Once we had the distribution, we could make real decisions. The bell curve gave us the data to set clear thresholds.

Publish
Score high enough? You go live on the marketplace.
📊
Stay Live
Post-launch review performance determines if you remain on the platform.
🚪
Remove
Drop below the performance threshold? You're off the marketplace.

Then we built the feedback loop. Post-experience reviews validated the upfront vetting. Reviews drove customized education back to hosts. A circular quality engine.

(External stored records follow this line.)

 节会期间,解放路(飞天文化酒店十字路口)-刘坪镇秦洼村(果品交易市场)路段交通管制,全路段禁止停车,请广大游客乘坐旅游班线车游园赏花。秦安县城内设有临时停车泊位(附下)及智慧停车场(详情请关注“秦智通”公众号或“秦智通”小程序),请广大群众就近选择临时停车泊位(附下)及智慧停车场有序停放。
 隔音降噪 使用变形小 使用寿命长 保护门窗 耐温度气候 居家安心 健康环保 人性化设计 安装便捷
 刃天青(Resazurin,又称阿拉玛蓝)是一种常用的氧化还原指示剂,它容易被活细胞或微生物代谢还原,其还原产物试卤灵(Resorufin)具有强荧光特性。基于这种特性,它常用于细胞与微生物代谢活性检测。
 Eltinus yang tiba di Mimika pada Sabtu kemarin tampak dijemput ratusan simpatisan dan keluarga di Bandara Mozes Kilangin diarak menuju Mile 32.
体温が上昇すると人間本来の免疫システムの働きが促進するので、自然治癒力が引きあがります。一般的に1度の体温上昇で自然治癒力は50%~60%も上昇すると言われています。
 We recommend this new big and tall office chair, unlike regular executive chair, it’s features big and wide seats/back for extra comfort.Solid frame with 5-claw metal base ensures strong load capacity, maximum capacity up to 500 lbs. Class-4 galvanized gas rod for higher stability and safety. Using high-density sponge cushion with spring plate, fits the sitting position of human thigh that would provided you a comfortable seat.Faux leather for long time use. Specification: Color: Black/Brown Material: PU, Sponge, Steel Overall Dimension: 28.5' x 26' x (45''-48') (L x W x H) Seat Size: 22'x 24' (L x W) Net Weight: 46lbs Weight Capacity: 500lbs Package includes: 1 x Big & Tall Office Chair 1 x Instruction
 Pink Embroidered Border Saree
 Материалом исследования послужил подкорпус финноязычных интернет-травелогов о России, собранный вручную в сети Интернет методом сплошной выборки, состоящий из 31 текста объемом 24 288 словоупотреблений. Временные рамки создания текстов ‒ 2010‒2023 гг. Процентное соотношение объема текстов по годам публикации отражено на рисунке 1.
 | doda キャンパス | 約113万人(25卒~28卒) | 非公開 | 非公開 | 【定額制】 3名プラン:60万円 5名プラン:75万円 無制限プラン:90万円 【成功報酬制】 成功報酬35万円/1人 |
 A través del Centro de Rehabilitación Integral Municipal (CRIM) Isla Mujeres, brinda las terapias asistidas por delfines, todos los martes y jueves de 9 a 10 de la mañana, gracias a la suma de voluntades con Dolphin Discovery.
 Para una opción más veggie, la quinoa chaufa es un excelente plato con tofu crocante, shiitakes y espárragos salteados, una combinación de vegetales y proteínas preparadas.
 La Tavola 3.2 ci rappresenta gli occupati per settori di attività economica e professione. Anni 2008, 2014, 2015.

Start to finish: roughly 2.5 years. Hundreds of people operating the machine.

Then (2018)
~2.5 yrs to build the system
100s of people operating it
0 market-level nuance
Now (2025)
Weeks to build the system
1-2 people per 1,000 experiences
market-level orchestration
🤖

How I'd Rebuild It Today

Three agents. A focused human team where it matters most.

🔍

Vetting Agent

Reviews host applications AND runs digital searches to validate claims. When there's a variance it can't resolve, it flags a human. Most of the time the human just pushes it forward.

Quality Agent

Analyzes incoming reviews. Identifies what guests actually value. Feeds signal back to the vetting agent so "excellent" evolves in real time.

🤝

Remediation + Removal Agent

Identifies underperforming experiences, surfaces the data, and recommends action. But this is where the human team lives. Removing someone from a marketplace is a real decision with real impact on someone's livelihood. You do it with dignity. You do it well. You make sure you're making the right call. This agent arms the team with everything they need. The team makes the final call.

🌍

The real unlock: market-level orchestration. Our 2018 system couldn't account for nuance. A cooking class in Tokyo has different quality markers than one in Austin. International travelers want different things than locals. We knew that intuitively but couldn't operationalize it. With these three agents and an orchestration layer, each market gets its own evolving quality standard. Not static. Alive.

The system we spent 2.5 years discovering through iteration would now be the starting architecture. Not the end state.

💬

What system did you spend years building by hand that could now be three agents and an orchestration layer?